Sometimes you see a movie and the only reaction you can really have is, "Hunh. So, that's what they came up with? They had money, and a good cast, and an interesting story, and they came up with...that?" And then you scratch your head, and you never think about the movie again.
I knew was going to be rocky from the its opening scene, in which Gary Oldman gives a presentation to a black tie NASA gathering. He reads from a sheet of paper (!) about the colonization of Mars on a settlement called East Texas (!!). NASA astronauts are trotted onto stage, but kept inside a plastic box (!!!). The doors to the hanger this ridiculous event is happening in open, and their rocket ship is right outside (!!!!). The guests then run out in their gowns and tuxedos to get an up-close and personal look at the ship's launch (!!!!!).
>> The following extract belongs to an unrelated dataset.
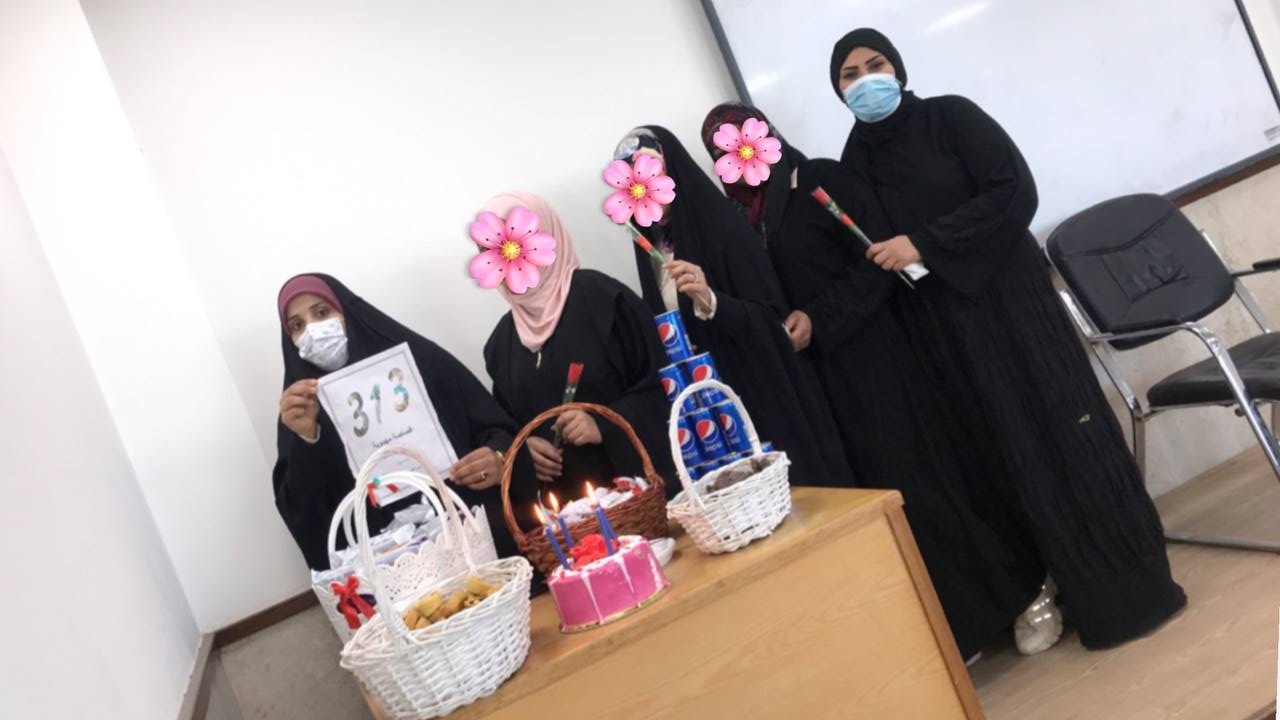 إحياء ذكرى ولادة منقذ البشرية الإمام المهدي المنتظر ( عجل الله فرجه) في اروقة كليتنا من قبل فريق كل مهدوي قائد الذي يضم مجموعة من طالبات المرحلة الثانية في قسم علوم القرآن وكان هناك تفاعلا واضحا من قبل الطلبة والكادر التدريسي مع هذه الفعالية

In the next scene, as the ship makes its way to Mars, we learn lead astronaut Sarah Elliot (Janet Montgomery) is pregnant. This turns out to be a major problem because the script requires it be. No, they can't just turn the mission around and let her have the baby on earth, are you crazy?! And no, they can't let the world know she's pregnant, are you insane?! And no, of course abortion isn't an option, are you nuts?! It takes place in 2018! It's Trump's America!
So, 15 minutes in, Sarah gives birth to a healthy boy then promptly dies, and NASA vows to keep the existence of her child a secret from the world.
Cut to SIXTEEN YEARS LATER, and that boy has grown up to be Gardner Elliot (Asa Butterfield), a nerdy and sullen teenager on Mars. He spends his days on a laptop with a transparent screen (why do movies think in the future we'll all want screens that are harder to read than they already are?), hacking into various security systems so he can do normal teenager things like stealing dune buggies to go joy riding.
Gardner (I have no idea why he's named Gardner, but can only hope it's some kind of reference to Being There) wants to go to Earth for many reasons, the main one being that he's in love with a girl named Tulsa (Britt Robertson). They met in some kind of chat room (I guess chat rooms make a comeback in 2034?), though she thinks he's just a teenager with a weird disease that keeps him homebound in a Park Avenue apartment. (That he somehow knows what Park Avenue is but doesn't know what a horse looks like is just one of many, many mysteries the movie never bothers to address.)
Gardner's entrapment on Mars has something to do with his bones, his blood, and his heart all being incompatible with Earth's atmosphere and gravity. Until, suddenly, the crew figures out how to cover his bones with mesh or...something (they're never very clear about it, but the x-rays look cool), and Gardner can finally go on a mission to Earth...where he promptly escapes his quarantine because ain't nobody got time for that!
And if all that wasn't preposterous enough, the remainder of the movie involves Gardner and Tulsa on the run from NASA, as they search for Gardner's long lost father, so he can....say hi? Not really sure. But it all must happen before he drops dead; apparently bone mesh isn't the miracle cure they thought it would be.
Part of me has some fondness for the ultimately very stupid The Space Between Us, mainly because it reminded me just a little bit of some 1980's sci-fi favorites like The Last Starfighter and especially Starman. Asa Butterfield has some funny moments as a Martian embracing Earth life, and a better director might have tried to play up the comedy more. But Peter Chelsom, whose previous credits include Shall We Dance?, Serendipity, and Hannah Montana: The Movie keeps the movie firmly grounded in maudlin mediocrity.